• EXERCISE REQUIREMENTS: Write out the listing below in full and exactly, leaving out every picture.

• RAW DATA:
* * * *
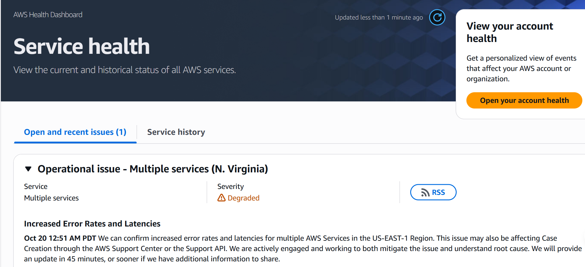 觀察者網瞭解到,亞馬遜AWS健康狀態頁面公佈的信息顯示,亞馬遜確認美國東部區域內的多個AWS服務出現錯誤率增加和延遲, Amazon DynamoDB數據庫服務中斷。
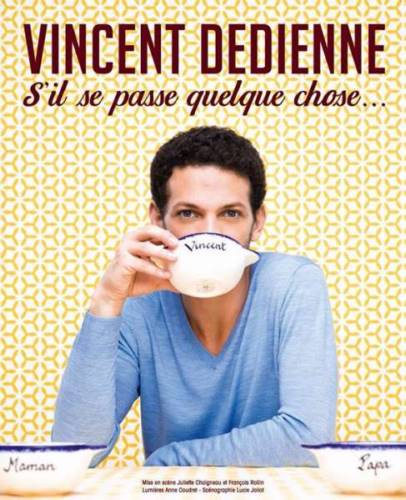 Bonjour ! Je m’appelle Vincent Dedienne et je suis la personne qui boit un chocolat chaud/thé vert bio/soupe à l’oignon sur l’affiche !
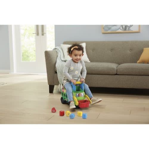 Take a ride on the Sort & Recycle Ride-On Truck and learn about recycling and the environment! Pick up blocks and sort them by shape and color, then store them inside the truck.
* * * *
• RESPONSE:
 觀察者網瞭解到,亞馬遜AWS健康狀態頁面公佈的信息顯示,亞馬遜確認美國東部區域內的多個AWS服務出現錯誤率增加和延遲, Amazon DynamoDB數據庫服務中斷。
 Bonjour ! Je m’appelle Vincent Dedienne et je suis la personne qui boit un chocolat chaud/thé vert bio/soupe à l’oignon sur l’affiche !
 Take a ride on the Sort & Recycle Ride-On Truck and learn about recycling and the environment! Pick up blocks and sort them by shape and color, then store them inside the truck.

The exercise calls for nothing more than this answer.